=== Section Start ===

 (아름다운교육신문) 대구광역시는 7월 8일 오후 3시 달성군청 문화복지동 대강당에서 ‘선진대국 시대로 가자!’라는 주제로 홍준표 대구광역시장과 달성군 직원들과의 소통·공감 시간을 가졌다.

=== Section End ===
=== Section Start ===

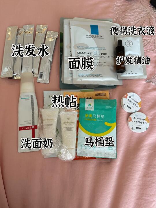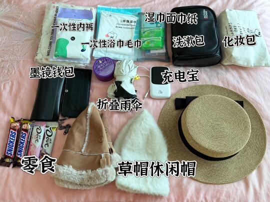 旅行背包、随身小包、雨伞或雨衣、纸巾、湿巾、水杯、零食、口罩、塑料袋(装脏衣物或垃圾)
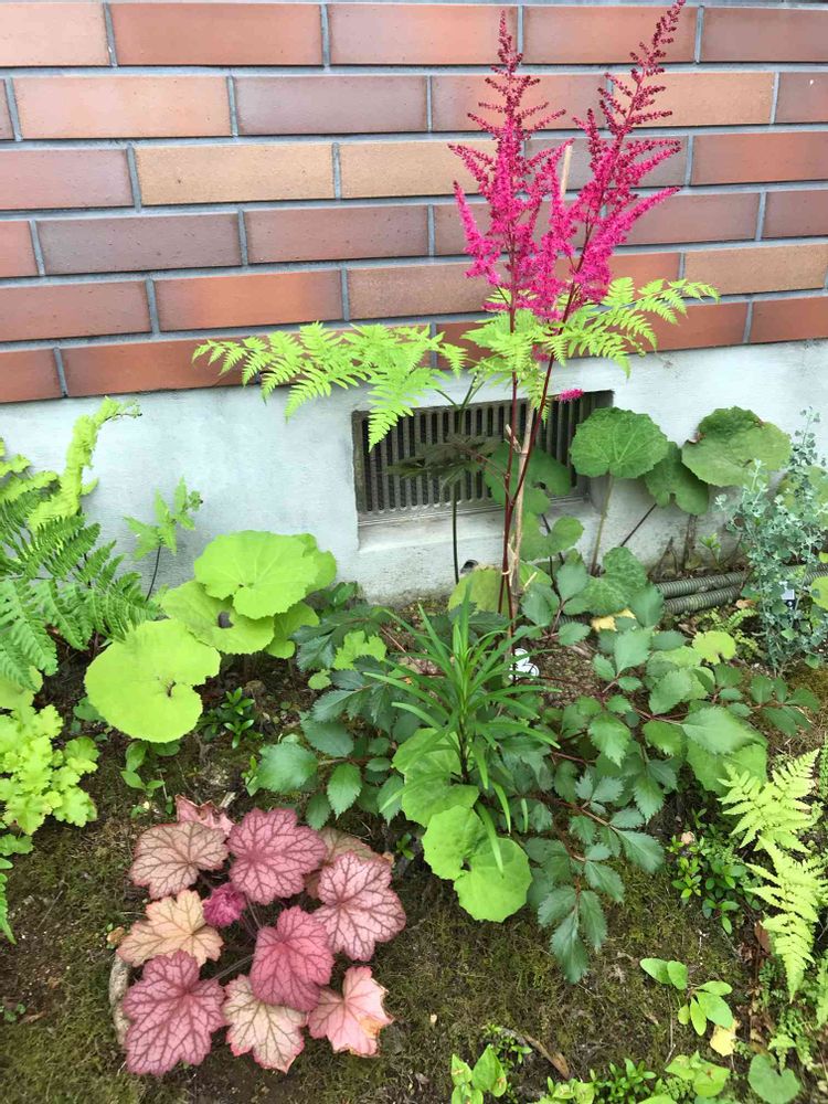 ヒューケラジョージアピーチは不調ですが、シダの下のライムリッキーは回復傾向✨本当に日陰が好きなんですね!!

=== Section End ===
=== Section Start ===

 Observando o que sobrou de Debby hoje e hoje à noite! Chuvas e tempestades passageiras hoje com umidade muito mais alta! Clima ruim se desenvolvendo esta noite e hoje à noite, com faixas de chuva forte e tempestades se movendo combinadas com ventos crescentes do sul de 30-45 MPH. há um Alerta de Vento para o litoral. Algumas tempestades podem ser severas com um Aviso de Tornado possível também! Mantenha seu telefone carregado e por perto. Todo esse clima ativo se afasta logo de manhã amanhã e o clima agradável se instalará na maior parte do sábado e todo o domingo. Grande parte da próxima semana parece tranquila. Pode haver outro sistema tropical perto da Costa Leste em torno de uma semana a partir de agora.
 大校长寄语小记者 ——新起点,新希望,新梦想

=== Section End ===

> WORK TO COMPLETE
From the records above, quote word for word only the lines beginning at the line that has "旅行背包、随身小包、雨伞或雨" and stopping after the line that has "ヒューケラジョージアピーチは". Omit the pictures.

> TASK RESPONSE
 旅行背包、随身小包、雨伞或雨衣、纸巾、湿巾、水杯、零食、口罩、塑料袋(装脏衣物或垃圾)
 ヒューケラジョージアピーチは不調ですが、シダの下のライムリッキーは回復傾向✨本当に日陰が好きなんですね!!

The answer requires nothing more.